EXERCISE OBJECTIVE: Retype every line from the top of the entries down to the one with "Antes de começar", both included, and skip the pictures.

TASK INPUT:

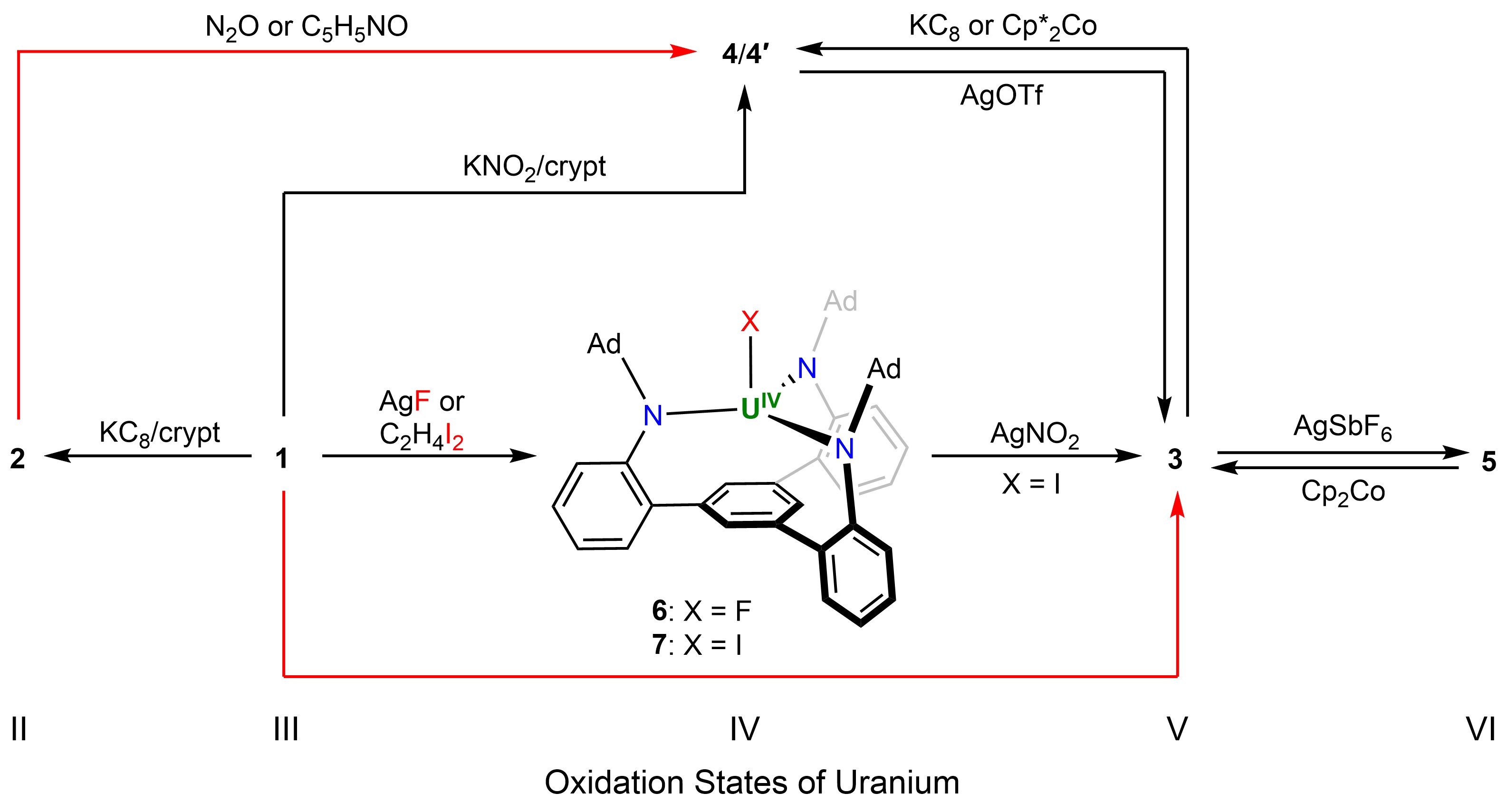 电化学测试表明,铀(III)和铀(V)配合物1和3的循环伏安曲线各显示有两组可逆的单电子氧化还原峰(图2c),提示1的单电子化学氧化是可行的。诚然,氟化银或1,2-二碘乙烷可将1直接氧化成铀(IV)卤化物6或7,而铀(IV)碘化物7可进一步与亚硝酸银反应,消除碘化银并脱去NO后得到铀(V)氧化物3。此外,1也可与亚硝酸钾发生单电子氧转移反应得到铀(IV)氧化物4。最后,铀(II)配合物2也能与氧转移试剂反应得到4,拓展了尚处于起步阶段的二价铀的多电子氧化还原化学(图3)。
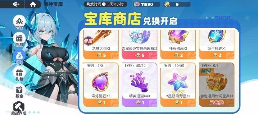 宝库商店支持通过抽卡寻宝机制获取稀有道具。其中,“传说宝具宝箱”与“专属武器大剑”为当前版本最具成长潜力的兑换选项,可直接强化角色核心输出能力;此外,多档位琥珀类材料可用于精准修正属性偏差,优化暴击率、穿透值、元素抗性等关键参数,从而实现战力结构的精细化升级。
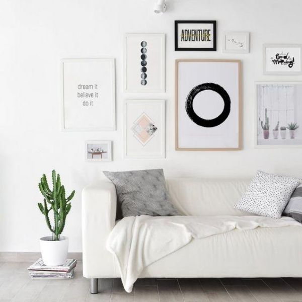 Antes de começar a pendurar ou encostar quadros na parede, planeje como quer que fique o resultado. Delimite o espaço onde os quadros serão dispostos, considerando a quantidade de quadros que pretende colocar, deixar uma distância de uns 30 centímetros de uma mesa ou sofá que esteja encostado na parede, e procurar manter a composição na altura dos olhos, metade da altura da parede.
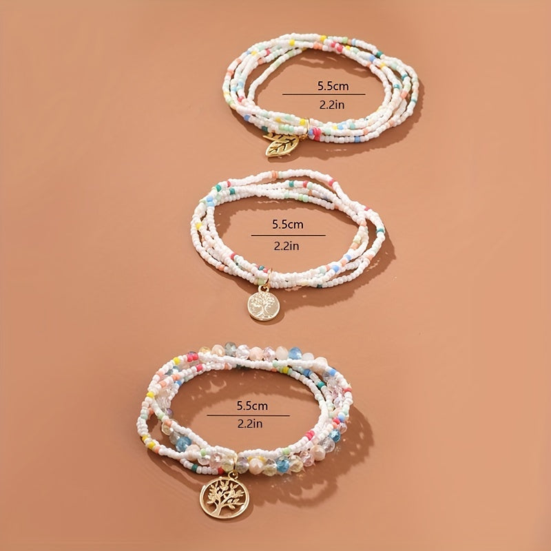 Enhance your daily wear with this stackable beaded bracelet featuring a leaf-shaped pendant. Perfect for women and girls who love boho style accessories.
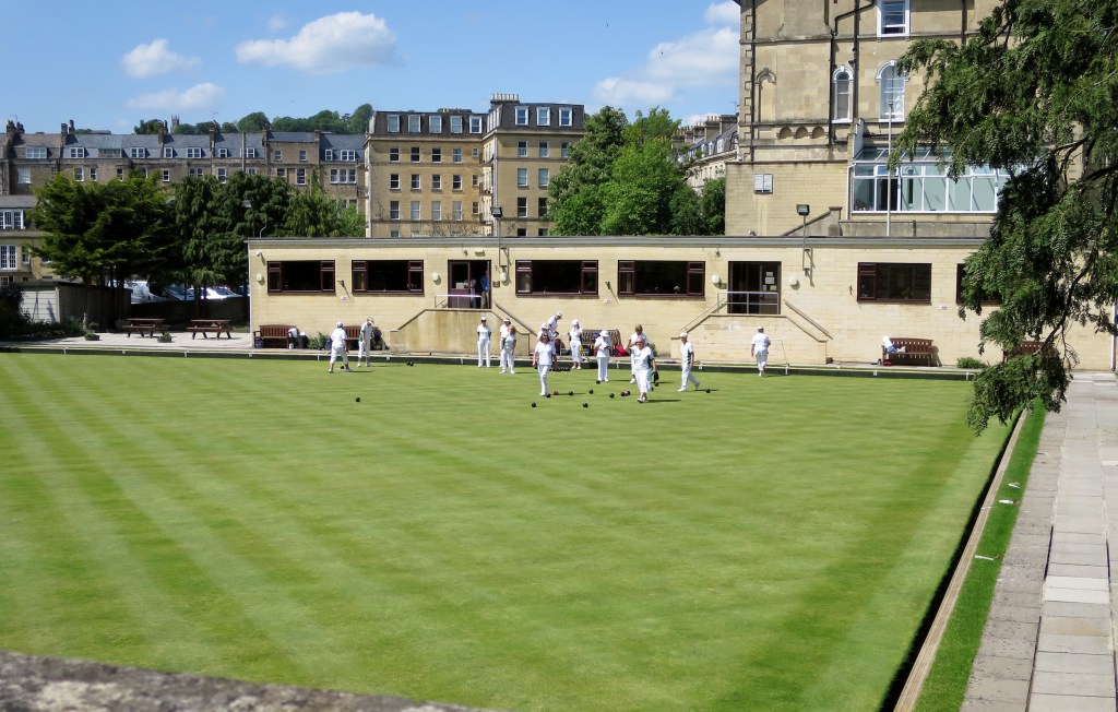 Und das Erste, was wir auf dem gepflegten englischen Rasen rechts neben dem Hotel sahen, waren ältere, in perfektes Weiss gekleidete Herrschaften, die mit grosser Ernsthaftigkeit Bowls spielten. Also … nicht, dass ich vorher gewusst hätte, was das ist … aber nun weiss ich es.
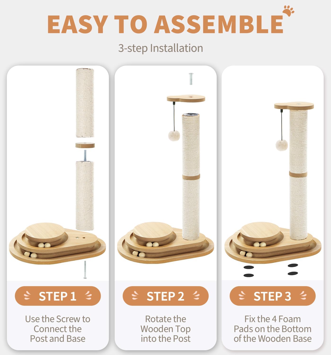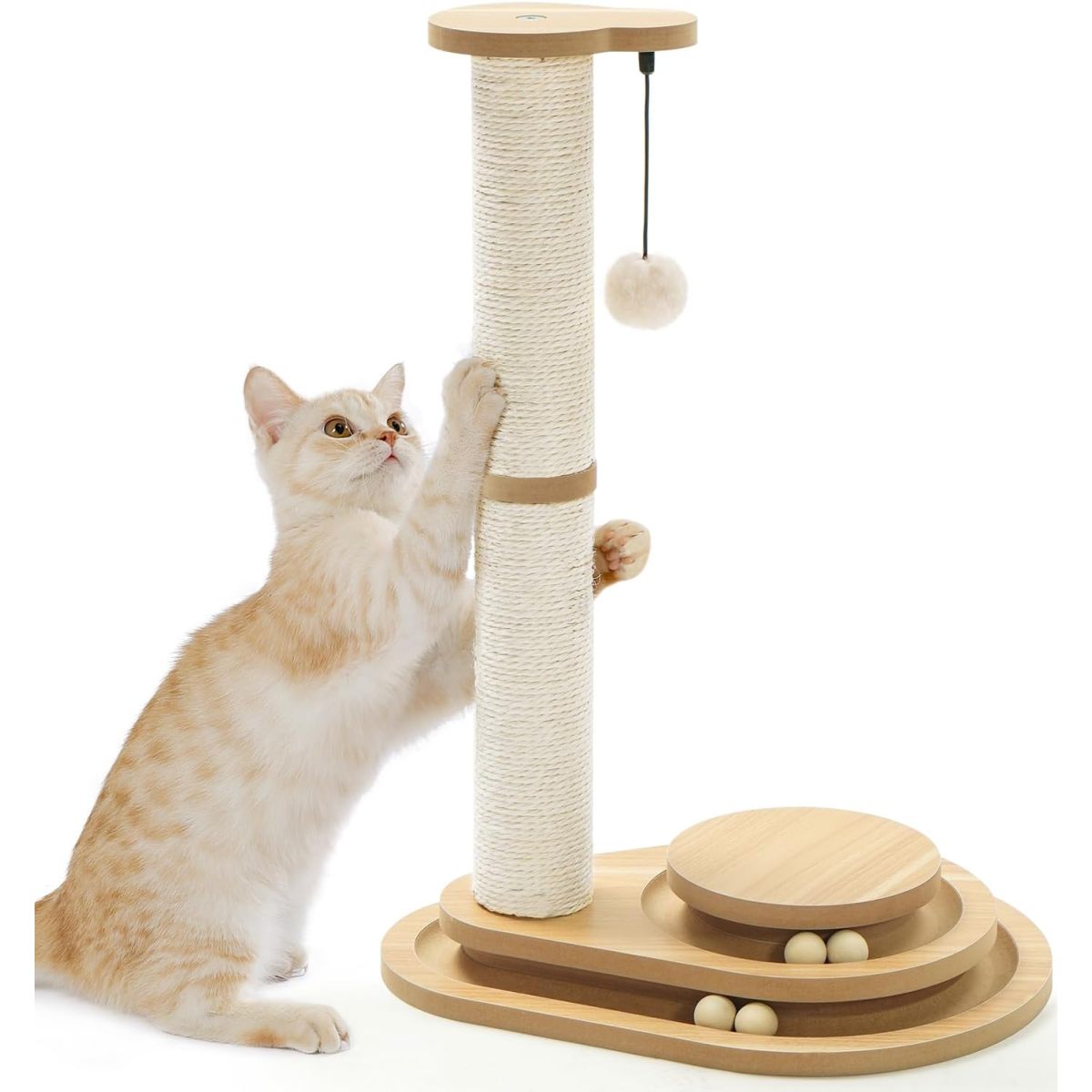 [Cat Scratching Post]:This interactive cat scratcher is a combination of cat scratching post and cat toys and it features with a flush ball on the top, 1 sisal scratching post for climbing and sharpening cat claws and 4 playballs to exercise cats’ instinct of catching. This scratcher engages small kittens and adult cats in multiple levels of play, making it both useful and amusing! [3-Tier Cat Toy Board]:The cat scratchers pole is designed with 3 levels of tracks and 4 moving balls to attract kitty’s attention! Your cat will adore batting, swatting, and pouncing the playing balls as they entertain their natural instincts to hunt. [Natural Sisal Rope & Sturdy Base ]: Cat Pole is made of 100% natural sisal to satisfy your cats’ natural instinct of scratching. The bottom base is made of heavy chipboard, safe and stable, avoid tipping and shaking, also provide reliability and stability while kitten playing the balls. [Keep Your Furnitures Free From Kitty Claws]:Preserve your expensive furniture and home furnishings by giving your cat the right toy to scratch, claw, pull and tear at will. [Easy Installation, Tools Included]:With clear instructions and all the necessary tools, it only takes you a few minutes to complete the assembly; your cats can enjoy these cat scratchers for indoor cats right away.
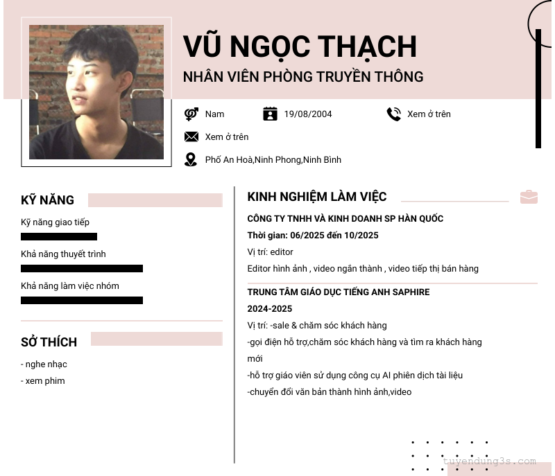 Mở xem thông tin đầy đủ ứng viên Vũ NGọc Thạch chỉ với 2 điểm. Ứng viên được cập nhật ngày 30/10/2025

WRITTEN ANSWER:
 电化学测试表明,铀(III)和铀(V)配合物1和3的循环伏安曲线各显示有两组可逆的单电子氧化还原峰(图2c),提示1的单电子化学氧化是可行的。诚然,氟化银或1,2-二碘乙烷可将1直接氧化成铀(IV)卤化物6或7,而铀(IV)碘化物7可进一步与亚硝酸银反应,消除碘化银并脱去NO后得到铀(V)氧化物3。此外,1也可与亚硝酸钾发生单电子氧转移反应得到铀(IV)氧化物4。最后,铀(II)配合物2也能与氧转移试剂反应得到4,拓展了尚处于起步阶段的二价铀的多电子氧化还原化学(图3)。
 宝库商店支持通过抽卡寻宝机制获取稀有道具。其中,“传说宝具宝箱”与“专属武器大剑”为当前版本最具成长潜力的兑换选项,可直接强化角色核心输出能力;此外,多档位琥珀类材料可用于精准修正属性偏差,优化暴击率、穿透值、元素抗性等关键参数,从而实现战力结构的精细化升级。
 Antes de começar a pendurar ou encostar quadros na parede, planeje como quer que fique o resultado. Delimite o espaço onde os quadros serão dispostos, considerando a quantidade de quadros que pretende colocar, deixar uma distância de uns 30 centímetros de uma mesa ou sofá que esteja encostado na parede, e procurar manter a composição na altura dos olhos, metade da altura da parede.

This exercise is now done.